What could be wrong with my 2004 Chevy Monte Carlo when I keep having to bleed it out and it keeps getting air in it?
Any help would be appreciated. I have no heat some of the time and then I have someone bleed it out and it works for a couple days then it happens again. I have had the water pump and thermostat changed. Now my check engine light comes on and O'Reilly's says it's a p0301 code which is a cylinder 1 misfire. I just don't know what to do next? I only have 75,000 miles on it. The oil looks fine, no leaks that I see, antifreeze in the reservoir doesn't go down. The one hose to the heater core is cold and it just seems like its plugged. Any advise what to do next or what it could be?
what do you mean "bleed"...the coolant pressure gets to be in excess of 17 PSI?~
as far as the misfire...would replace defective wires, coil packs on the number one~ https://www.google.com/#q=2004+Chevy+Monte+Carlo+coil+packs&tbm=sh op
Chances are that you need to have the system bled again (if your model requires it to be bled). I have an 04 Alero and after I changed the water pump I had to bleed it twice (once when cool and once when it is up to normal operating temperature with the heater running on full).
judge_roy - It has over heated where I had to pull over and wait for it to cool. Since then I have had the thermostat changed and water pump. I am not sure of the in excess of 17 PSI? LOL I don't know much about cars.

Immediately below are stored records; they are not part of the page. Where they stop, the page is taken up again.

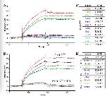 were bound to the streptavidin chip in comparable amounts. (B) Representative sensorgram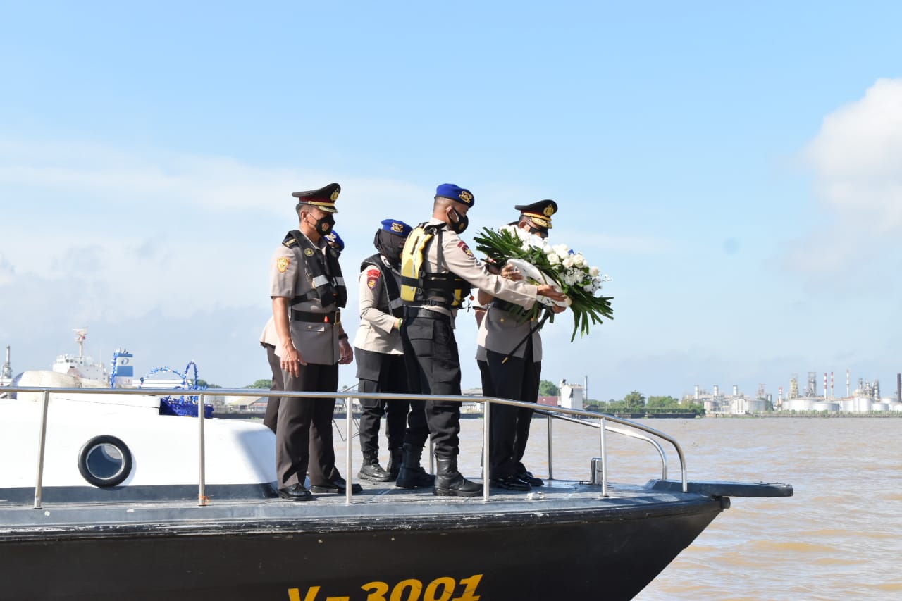 Turut hadir dalam ziarah tersebut, Wakapolda Sumsel Brigjen Pol Rudi Setiawan dan beberapa Pejabat Utama Polda Sumsel Dengan peserta perwakilan perwira, bintara, dan PNS Polda Sumsel acara dilanjutkan Tabur Bunga diperairan Sungai Musi Palembang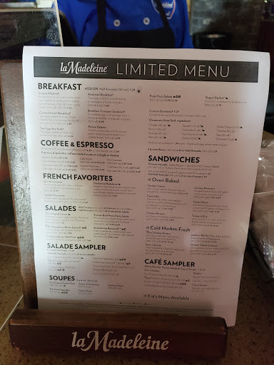 Delicious assortment of meals to choose from. Friendly and helpful staff. Beverage & bread stations are in the dining area so you can serve yourself. The cafe ambience is nice, with a rustic French setting. Dining area is attended to and tables are promptly cleaned. Remember to get their mobile app and sign up to receive offers; rewards are always good. And for your convenience, you can also order on the app for pick up. For meal recommendations: Theres "Pasta La Madeleine" that comes with shrimps or with chicken; theyre both very good and always includes lots of mushrooms in it. The "Cafe Sampler" is a good choice as you get to pick a combination of 3 food items to try, from their soups, sandwiches, salads, pasta, etc. Try the cream of mushroom soup; its delicious! Always an enjoyable dining experience.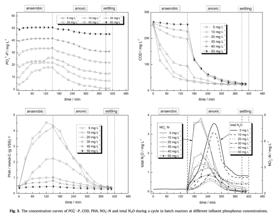 研究思路包括在實驗室規模的厭氧/缺氧SBR中培養DPAOs,運行超過90個周期以穩定反應器性能。然后進行連續實驗,在不同進水磷濃度(5、10、20、30、40和50 mg/L)下測量化學需氧量(COD)、磷化合物、PHA、糖原和N2O濃度等參數,使用動力學模型分析污泥行為,并比較改進進料方式(連續添加磷和硝酸鹽)的效果。數據分析結合統計方法,以揭示進水磷濃度的影響機制。

Michael - I have heard that before. I will try bleeding it again, maybe I will take it to a garage to have done this time. Thank you
One other thing...my owners manual says when bleeding the car take off the radiator cap. O'Reilly's says never take off the radiator cap that's what the bleeders are for. The mechanic that changed the water pump also said it may need bled a few times and to take off the radiator cap and fill with antifreeze. Which way would be best do you think?
Bleed the system with the radiator cap off. You'll want to pressure test the cooling system as well as the radiator cap itself. System should hold 16 PSI for at least 10 minutes. If you don't see anything leaking start the engine with the system under pressure. If the needle on the pressure tester's gauge starts bouncing you've got a blown head gasket. Take a vacuum reading as well. Intake manifold vacuum, at idle, at sea level, should be about 21 inches. If it's considerably lower suspect a leaking intake manifold. HTH. -Jim
Yes, to bleed the system when cool.. Remove the cap and open the bleeder screw. When coolant flows out the screw close it. Some vehicles have two bleeder screws (not sure on your model). To bleed when running (DO NOT OPEN THE CAP). Just open the bleeder screw slightly until it starts leaking. Leave open until it stops burbling.
Yes I have 2 bleeder screws on my vehicle. Ok, I will try this again. I appreciate all of your help. Thanks so much everyone!